Each performer operated within a tightly controlled sonic architecture. Lines passed between instruments with seamless continuity. Entrances aligned with microscopic precision. Dynamic layers stacked without congestion. Tamriko Kordzaia’s role extended beyond performance. Her dual engagement with acoustic piano and synthesizer created a bridge between material and transformation. She anchored the ensemble while opening it outward into the electronic field.
The visual dimension, conceived by Boris Acket in collaboration with Lumus Instruments, elevated the project into the realm of total artwork. Light functioned as counterpoint. Beams intersected, expanded, dissolved. The industrial volume of Factory Tbilisi became an active participant. At moments, performers appeared as silhouettes within a luminous grid; at others, the space opened into vast planes of shifting intensity.
Crucially, the visual system responded to sound. Changes in texture triggered transformations in light. The audience experienced composition across senses: hearing and seeing fused into a single perceptual field.

A New Scale of Musical Event
The decision to present the concert to a standing audience reshaped the social dynamics of listening. Proximity increased. Movement entered the field. The boundary between performer and listener softened.

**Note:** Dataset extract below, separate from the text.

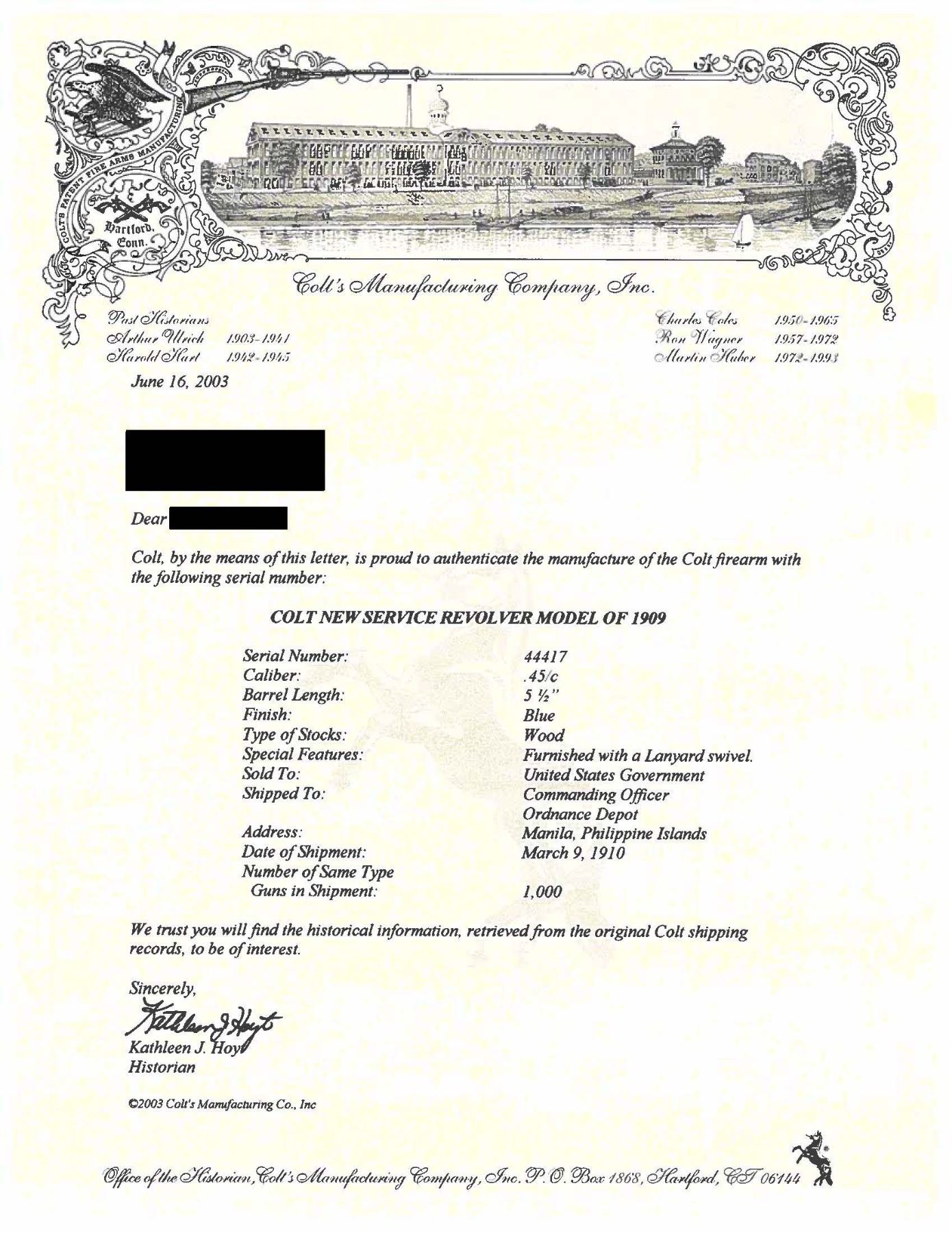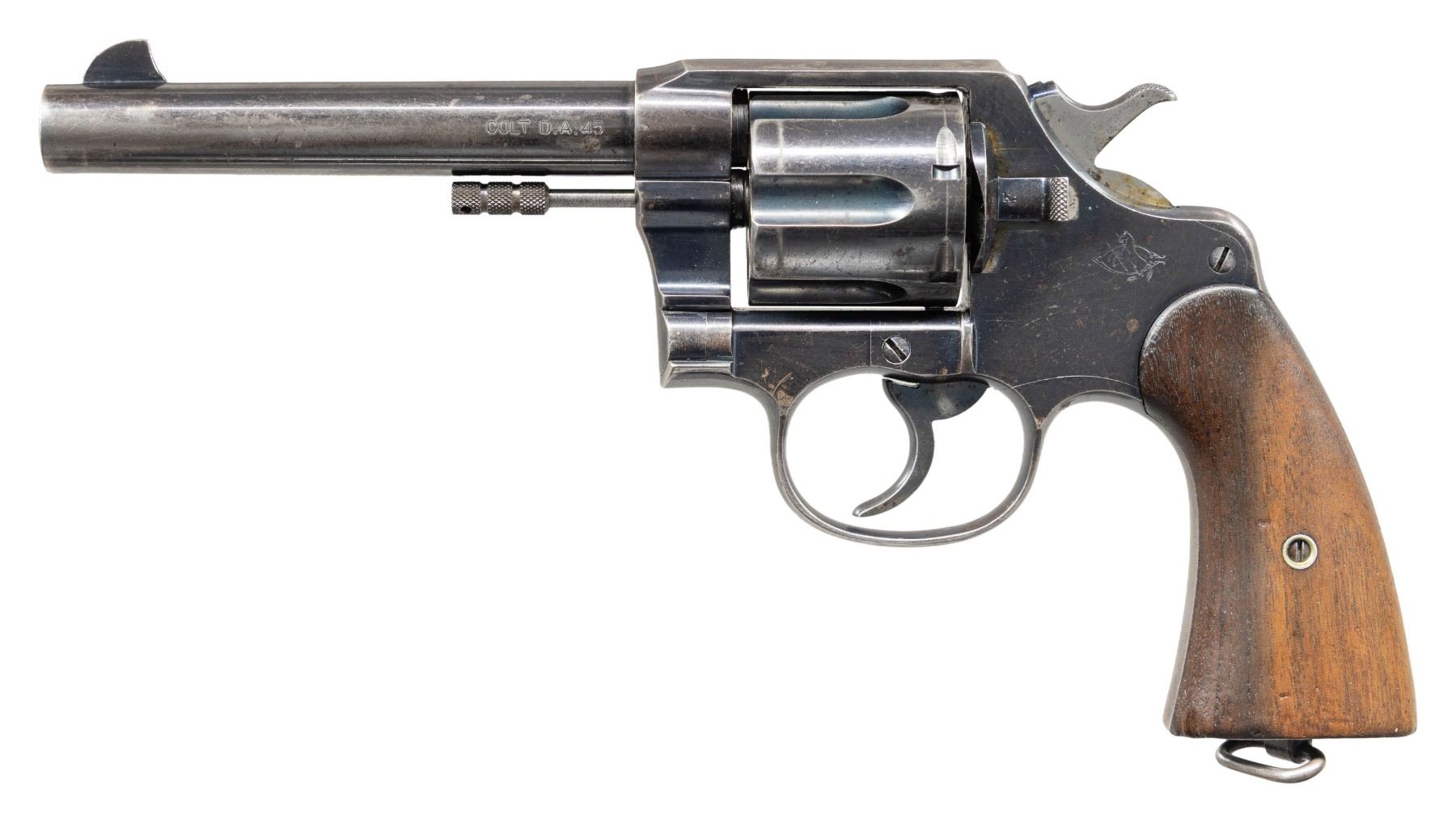 DOUBLE ACTION REVOLVER WITH FACTORY LETTER. Cal. 45 LC. S# 44417. Bbl. 5 1/2". U.S. Model of 1909 double action revolver mfg. by Colt. Left side of the bbl. is marked "COLT D.A. 45", with Colt's 2-line mfg. and patent information marked across the top, and "UNITED STATES PROPERTY" marked on the underside. Left side of the frame is marked with the Rampant Colt intertwined with a stylized "C" logo, with "U.S./ ARMY/ MODEL/ 1909/ No/ 44/ 417" marked on the butt. Right side of the frame is marked with a Rinaldo A. Carr "R.A.C." inspector proof (repeated on cyl. and bbl.), as well as a Walter C. Penfield "WCP" cartouche. Metal components exhibit a blue finish overall, save for on the sides of the hammer, which are polished in-the-white. Frame is mounted with 2-piece plain wood grips, (each marked with an "R.A.C." proof on the butt), and features a lanyard swivel and ring on the butt. Standard clipped blade front sight and frame notched rear sight. All serialized parts are matching and include the frame (interior and butt), as well as the cyl. crane. UNATTACHED ACCESSORIES: Colt factory letter stating: "Serial Number: 44417/ Caliber: .45/c/ Barrel Length: 5 1/2"/ Finish: Blue/ Type of Stocks: Wood/ Special Features: Furnished with a Lanyard swivel/ Sold To: United States Government/ Shipped To: Commanding Officer/ Ordnance Depot/ Address: Manila, Philippine Islands/ Date of Shipment: March 9, 1910/ Number of Same Type Guns in Shipment: 1,000". CONDITION: metal components retain large amounts of their original factory blue finish, exhibiting areas of wear and thinning that are fading to gray patina, scattered superficial handling marks, as well as scattered spots of light surface oxidation and pitting overall. Sides of hammer exhibit scattered spots of age related discoloration. Near mirror bore, exhibiting some very light pitting, while retaining strong rifling throughout. Proper manual mechanics. Grips show some scattered marks, impressions, and small chips, but otherwise remain sound. PROVENANCE: From the Buckstix Collection. (25-6346/MLW). CURIO. $1,500-2,250.

Kordz himself has described the rare combination of chamber-level detail with the immediacy of a “pop-sized” crowd. In Tbilisi, this combination achieved a rare equilibrium. The ensemble maintained precision; the audience supplied energy. Feedback circulated. The performers adjusted to the room; the room responded in real time. The concert became a shared act. Every layer of the event contributed to its coherence. Organizer Stockton Records provided a production conceived as composition. Technical elements, lighting, sound design, spatial arrangement, functioned as structural components of the work.
The significance of this concert lies in its redefinition of scale. Scale here does not refer to size alone, though the visual and spatial dimensions were considerable. It refers to the integration of elements, music, light, space, audience, into a unified system. Kordz’s project situates itself within a lineage that includes minimalism, electronic music, and installation art, while maintaining a clear compositional identity. It engages Sakamoto’s legacy through transformation, extending it into a new context.

For Tbilisi, the event marks a moment of alignment with international practice at the highest level. The project’s origins at the Holland Festival situate it within a global circuit; its realization here demonstrates the capacity of local infrastructure and audiences to sustain such work. Concerts often produce memory. This one produced a shift in expectation. Sound became architecture. Time became material. The boundary between listening and inhabiting dissolved. And for a few hours in Tbilisi, contemporary music revealed a future already present.